Pluck, like low –hanging fruit the opportunity to live your dreams.
It’s there. Waiting for you.
It grew from seed, to sapling to maturity under the glow of sun and youthful wishes. It leafed into a fullness with loving crooning and tears. Then determination followed by surrender brought blossoms to the branches and the buds of fruit with the music of prayer.
And here it is, finally. Lush and ripe and full of the promise of satisfaction. All I have to do is stretch out a hand and pluck it. Each morning for the last week, I’ve thought about it. Savored it.
Each morning for the last week I’ve loved the knowledge that the moment is here. The window is open and my dreams are ready for me to step in and embrace them. I’ve worked my lifetime for this opportunity – and yet, each morning I bask in the feeling of it being here and I do not reach out and take it.
Why don’t I take it? It’s there! I worked hard to get this far and I can have it with a word. Why haven’t I accepted it?
Is it because I have such difficulty receiving? Why do I block myself from receiving?

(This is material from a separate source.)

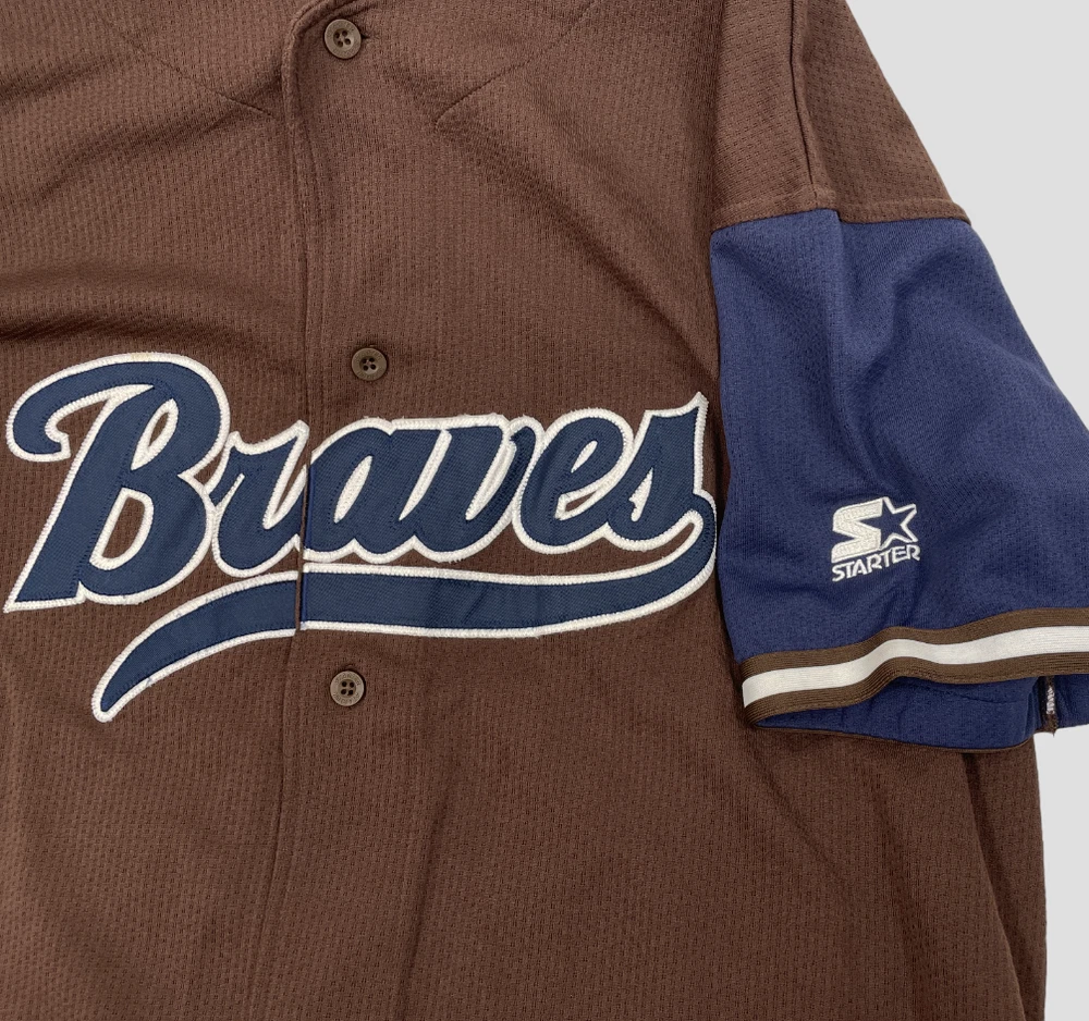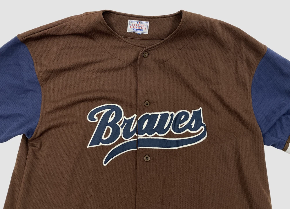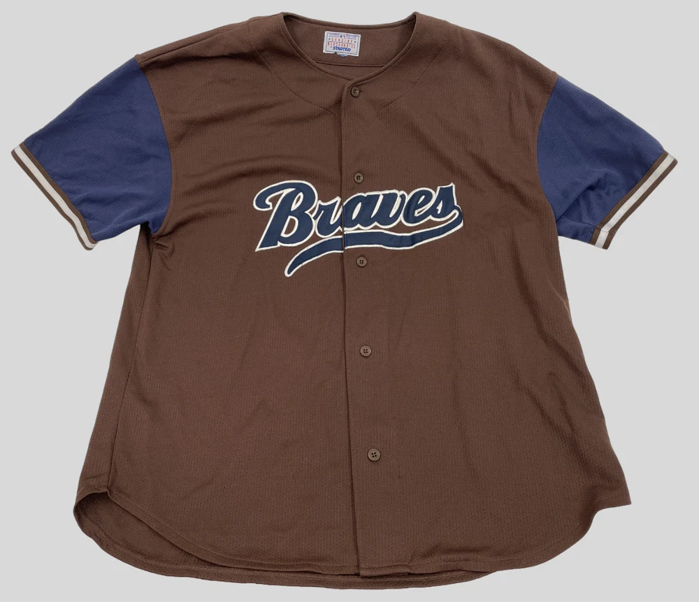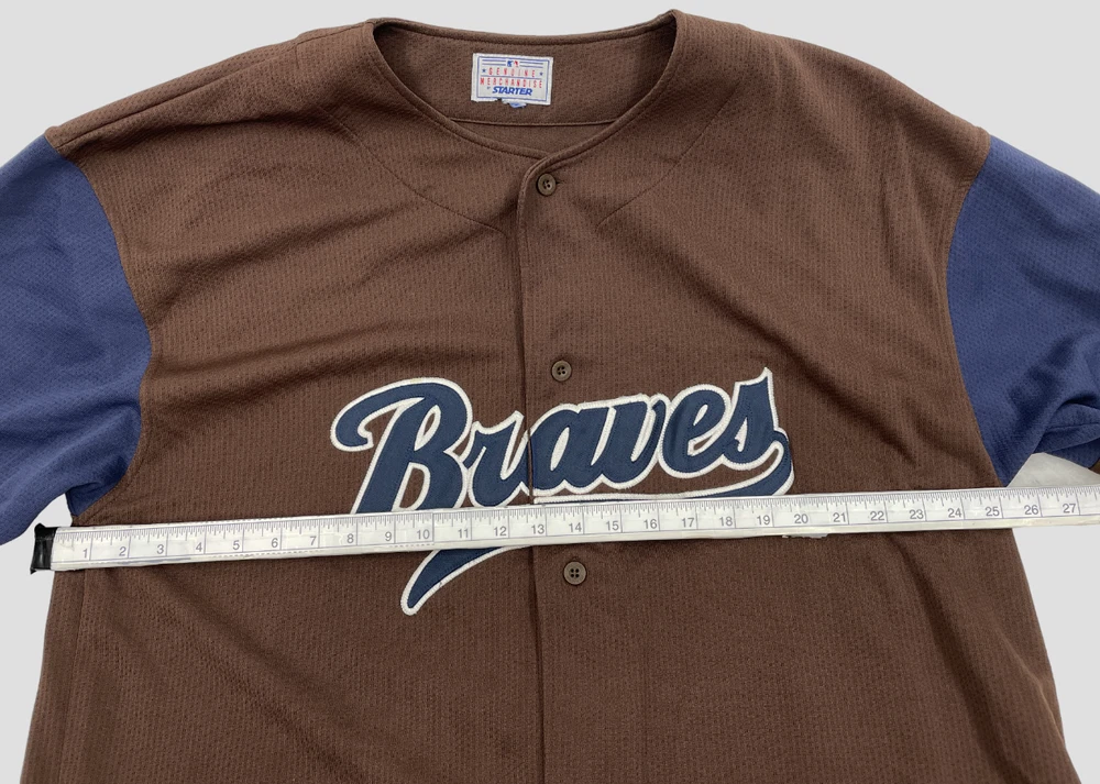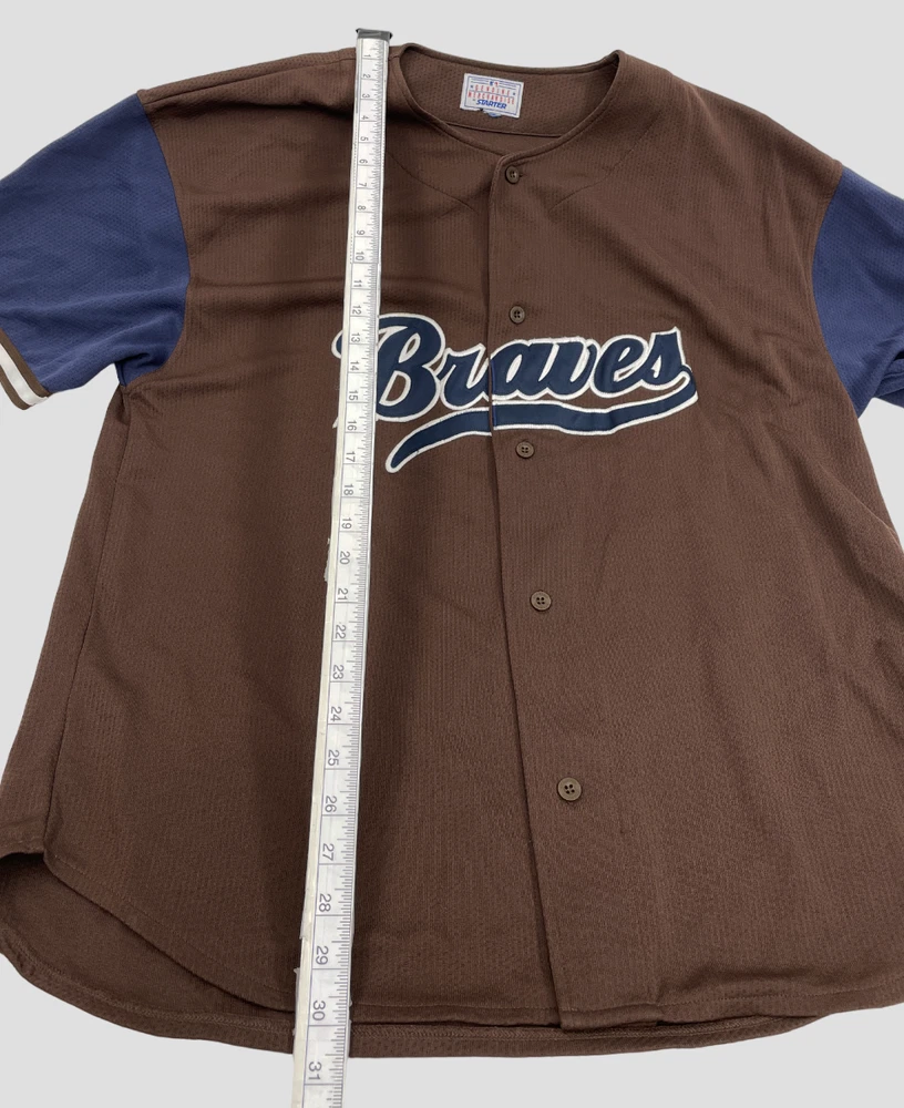 Color: Brown Size: XL Gender: Men Brand: Starter Officially Licensed: Yes Team: Atlanta Braves Sport: Baseball Product: Jersey League: Major League (MLB)

Is it the absolute knowledge that if I take it, if I reach my hand out and harvest this fruit that I have worked so hard to grow from seed – everything will be changed.
Everything will be different.
Such is the nature of what I have yearned for. Such is the life I have struggled to allow. I cannot accept my dreams and gift without being ready to release all that I have at this moment. All that I have today will shift and lurch and become something different the moment I pluck this opportunity. I will never be the same. I may be better, or not. I may be stronger or wiser or more empowered. But I will never again be what I am this day.
And I admit there is hesitation in letting go of what I know for a life I have only imagined. Fear of the unknown.
But to accept it means grabbing hold with absolute conviction. It means putting all my trust in the outcome, all my weight into the acceptance. Belief in the Universe that I will be caught. Faith in the ones I love that they will support my change. Trust in my own strength and wisdom that I can handle all the changes that will come with this new life.
I am full of gratitude, bubbling with excitement for the adventure, and yet – I still have not plucked it. Shiny plump and succulent, I stare at it each morning and think, if I take this opportunity today – what will my tomorrow be?